▶ Material provided:
========================================
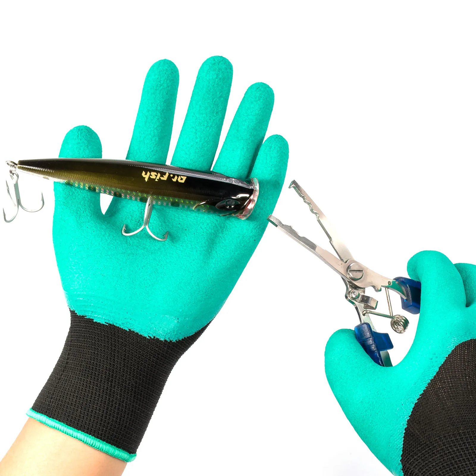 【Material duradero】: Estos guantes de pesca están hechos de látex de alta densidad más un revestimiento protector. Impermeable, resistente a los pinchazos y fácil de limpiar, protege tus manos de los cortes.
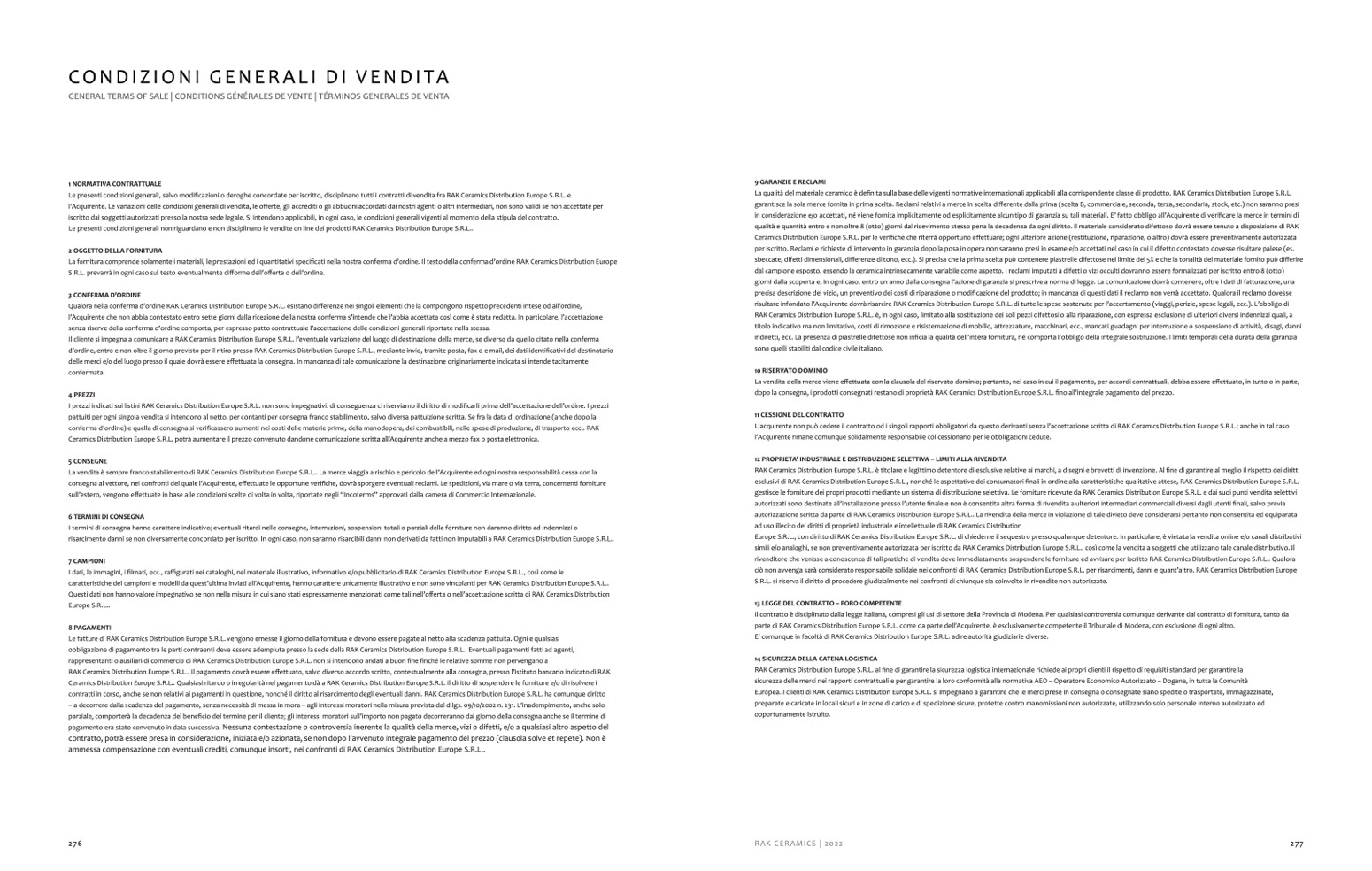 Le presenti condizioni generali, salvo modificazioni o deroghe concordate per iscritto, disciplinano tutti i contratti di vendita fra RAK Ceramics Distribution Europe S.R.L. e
========================================
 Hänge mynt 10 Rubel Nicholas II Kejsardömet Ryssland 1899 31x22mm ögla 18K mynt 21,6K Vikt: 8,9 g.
========================================
▶ Task objective: Your answer should be the lines above, word for word, from the line with "de los cortes." through the line with "Le presenti condizioni", minus the pictures.

▶ Expected answer:
 【Material duradero】: Estos guantes de pesca están hechos de látex de alta densidad más un revestimiento protector. Impermeable, resistente a los pinchazos y fácil de limpiar, protege tus manos de los cortes.
 Le presenti condizioni generali, salvo modificazioni o deroghe concordate per iscritto, disciplinano tutti i contratti di vendita fra RAK Ceramics Distribution Europe S.R.L. e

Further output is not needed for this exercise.